Germany’s Chancellor Angela Merkel cannot make up here mind about the bailout of Greece. That is probably for a reason that his been well-articulated. The German people do not want to help weak economies by putting the nation’s money at risk. Merkel also wants to be re-elected.
Germany’s iron lady has several rocks to lean on if she wants to leave Greece to the wolves. The first is the Maastricht Treaty which says that Eurozone nations are not supposed to bail their brethren out.
The more powerful argument she has is that she cannot unilaterally put German’s capital at risk. That may or may not be true, but Merkel can turn to her parliament if she want to seek public anti-Greek sentiment.

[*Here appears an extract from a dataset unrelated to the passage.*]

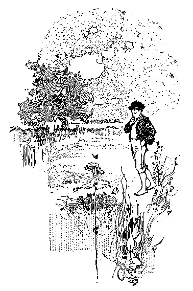 Among the trees they scampered; into hay-stacks they wormed; over barrels and boxes they wiggled; they huddled under the sunflowers and the horse-weeds. It was a royal game, but as the moon rose it merged into pull-away. That game flourished for a while and transformed itself by an almost imperceptible evolution into a series of races down the dusty road. But when the moon's silver had marked itself upon the grass, the boys were lying prone on a hay-cock behind the royal castle. They chattered idly, and the murmur of their talk rose on the just-felt breeze that greets the rising moon, like the ripple of waters. But the chatter was only a seeming. For in truth the boys were absorbing the glory of the moonlight. And the undertones of their being were sounding in unison with the gentle music of the hour. Their souls—fresher from God than are the souls of men—were a-quiver with joy, and their lips babbled to hide their ecstasies. In Boyville it is a shameful thing to flaunt the secrets of the heart. As the night deepened, and the shy stars peeped at the bold moon, the boys let their prattle ebb into silence. Long they lay looking upward—with the impulse in their souls that prompted the eternal question that Adam left unanswered, that David cried in passion across his harp, that the wise men of the world have left locked in mystery—the question of the Whence, the Why, and the Whither.
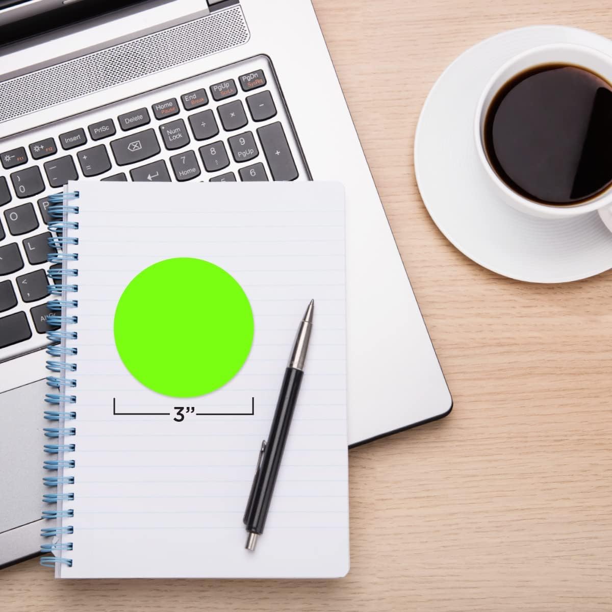 ChromaLabel 3 Inch Round Sticker Labels, High Visibility Permanent Sticky Dots Color Coding Label, Easy to Write On Color Coded Stickers - 500 Colored Labels per Roll - Matte Finish Fluorescent Green

Merkel can very simply scuttle the Greek loans by insisting that they be at market rate, perhaps as high as 7%. Greece can barely make the debt coverage on those sums, especially as it raises more capital as the year wears on. The Greek economy is still among the most troubled in Europe. The present turmoil is not likely to help its exports. A cut in wages in the nation will undermine consumer spending.
The most popular reason to avoid a bailout is the “moral hazard” argument. If Greece goes belly up, Spain and Italy will be tempted to take the same route to default on their sovereign obligations. That assume, of course, that they will risk having heavy IMF-like restrictions on their national economies, the equivalent of being in receivership.
Moral hazard is based on a premise that is almost certainly not true that Germany will become the gatekeeper of three or four other nation’s economic activities because it has the power of the purse strings. Germany is not popular enough for its fellow euro nations to go gently into that good night.